Although chitinous gels have never been observed in the biological world, chitin has many diverse technological uses and synthetic chitin gels are produced for use in drug-delivery systems and other applications.

There are still many unanswered questions. Chitin contributes to the rigidity of many invertebrate structures, but given its prevalence in diverse vertebrate systems, it likely serves other functions, too — what does it do in the sharks and rays?

“We observed signatures of chitin in the Ampullae of Lorenzini of diverse cartilaginous fish species, so this trait has survived hundreds of millions of years of evolution,” Phillips said. “And although we don’t understand the function of chitin in these fishes yet, we know that the polysaccharide isn’t used by all vertebrates because no mammals, reptiles or birds possess the genes necessary to make it.”

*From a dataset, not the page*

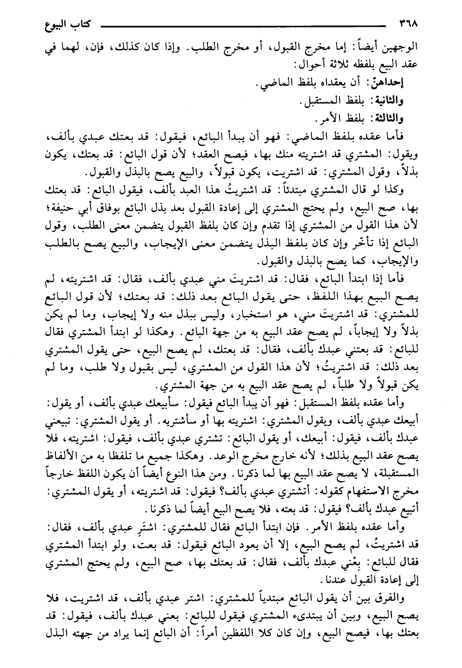 الوجهين أيضاً: إما مخرج القبول، أو مخرج الطلب. وإذا كان كذلك، فإن، لهما في عقد البيع بلفظه ثلاثة أحوال:

There are a lot of implications for this work in other areas of research, for example, these findings may prove relevant to the aquaculture industry.

“In some situations, chemicals that prevent chitin biosynthesis are dumped on fish farms to control pests,” Phillips said. “Now that we know chitin is synthesized by diverse aquatic vertebrates and invertebrates alike, the likely ecological impacts of these chemicals need to be studied more carefully.”